In Kirkpatrick v. Currie, 250 N.C. 213, 108 S.E.2d 209 (1959), our Court held that the procedure of G.S. 105-267, requiring the taxpayer to pay the tax under protest and bring a suit for a refund was constitutional, affording the taxpayer an opportunity to be heard and according him due process.Summary of this case from Enterprises, Inc. v. Dept. of Motor Vehicles
Filed 29 April, 1959.
1. Constitutional Law 23 — An opportunity to be heard as an essential of due process applies with respect to an asserted tax liability.
2. Constitutional Law 24: Taxation 38c — Statutory provision precluding injunction against the collection of a tax unless assessed for an illegal or unlawful purpose, but permitting the taxpayer to pay a tax under protest and bring action to recover the monies so paid, accords the taxpayer due process and is constitutional. G.S. 105-267, G.S. 105-406.
3. Taxation 38c — A taxpayer electing to pursue the remedy provided by G.S. 105-267 must comply with the conditions precedent set forth in the statute for the institution of an action to recover the tax, and is the taxpayer fails to allege and prove demand for refund of the monies paid within thirty days after payment nonsuit is proper, since failure to make such demand forfeits the right to institute the action.

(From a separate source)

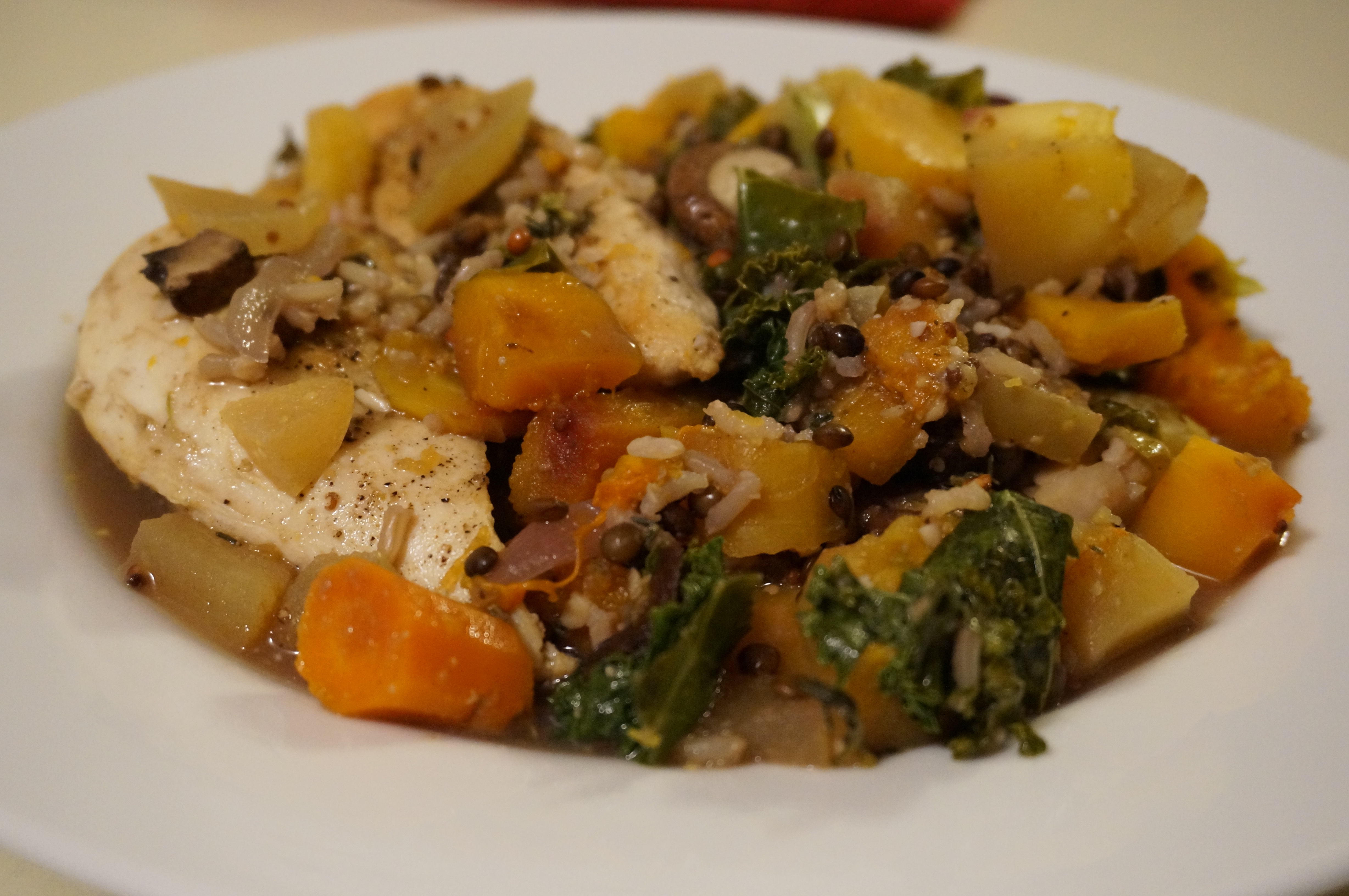 - In a large casserole dish sprayed with cooking spray, spread an even layer of rice and lentils. Cover with kale and pour remaining chicken broth over top. Add roasted vegetables and wedge in the chicken breasts.

4. Same: Taxation 38d — An action for the recovery of a tax paid under protest, originated in the Superior Court, without compliance with the conditions precedent to the institution of such action, cannot be maintained under the provisions of G.S. 105-266.1, since this statute provides an alternative remedy if the taxpayer elects to seek administrative review instead of instituting action to recover the monies paid, and relates solely to proceedings begun by request for administrative review.
APPEAL by plaintiffs from Preyer, J., September 1958 Term of WILKES.

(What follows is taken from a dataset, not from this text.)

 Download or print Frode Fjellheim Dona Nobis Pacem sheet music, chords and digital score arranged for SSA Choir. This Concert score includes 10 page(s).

Hayes Hayes for plaintiff, appellants.
Attorney General Seawell and Assistant Attorney General Abbott for defendant, appellee.

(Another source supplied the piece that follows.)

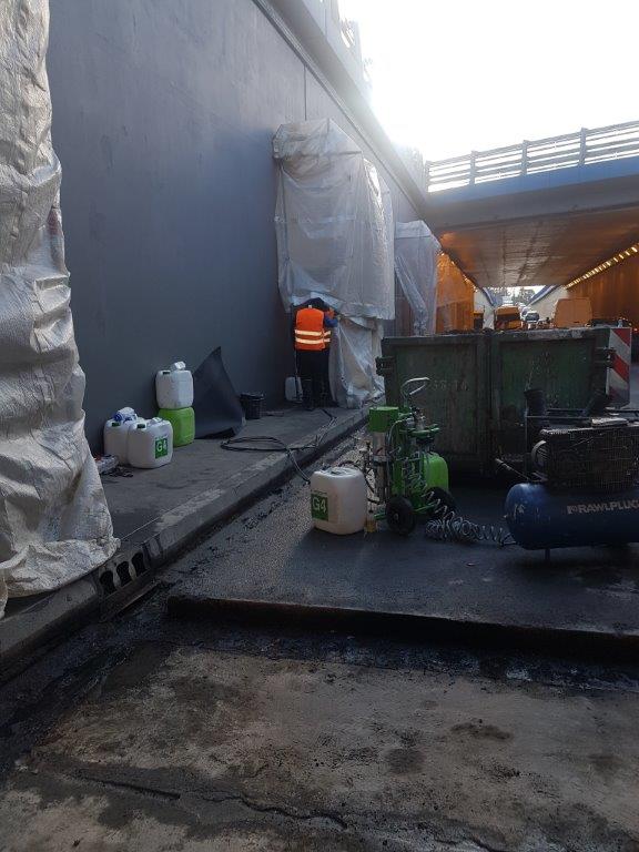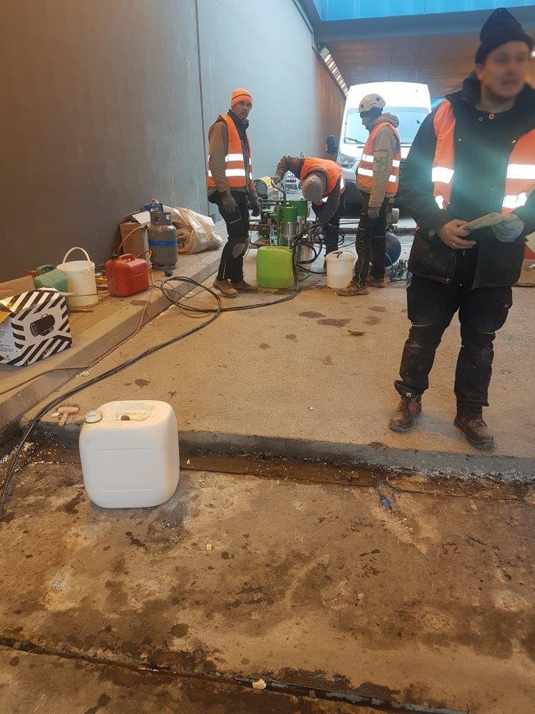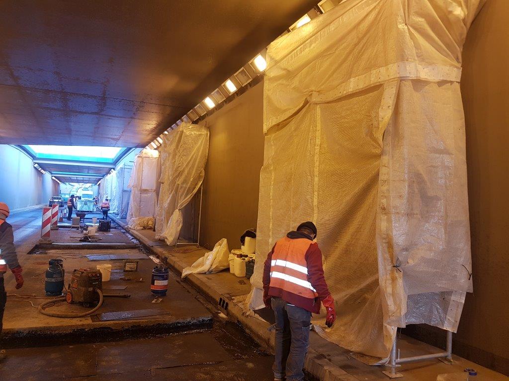 Dylatacje w płycie dennej tunelu oraz w ścianach były nieszczelne. Wykonano iniekcję ciśnieniową żelem akrylowym KOSTER G4 w obszar między taśmami uszczelniającymi. W kolejnym kroku roboczym wypełniono żelem akrylowym KOSTER G4/S4 górnączęść dylatacji. Po zakończeniu prac iniekcyjnych dylatacja została zamknięta przy użuciu dwuskładnikowej masy dylatacyjnej KOSTER Fugenspachtel FS-H. Prace uszczelniające wykonano najpierw na jednej połowie jezdni, a następnie na drugiej.

On 16 December 1941 N. B. Smithley executed deeds to his daughters Margaret S. Hayes and Mattie S. Kirkpatrick conveying lands in Wilkes County. One deed recites a consideration of one dollar "and other consideration," the other, $100 "and other valuable considerations." The deed to Mrs. Hayes as recorded 8 September 1953, after the death of Mr. Smithey. The deed to Mrs. Kirkpatrick was recorded in October 1951.
Plaintiffs filed Federal Estate Tax and North Carolina inheritance Tax returns. They did not include in the returns the properties described in those deeds.
In July 1955 the Federal tax authorities imposed additional estate taxes based in part on the contention that the deeds dated in 1941 were deeds of gift and because not recorded in two years were void. (G.S. 47-26) The land described in each deed was valued at $35,000. Plaintiffs, asserting the validity of the conveyances of 1941, because based on valuable considerations, paid the Federal tax and sued to recover. Kirkpatrick v. Sanders, 261 F.2d 480.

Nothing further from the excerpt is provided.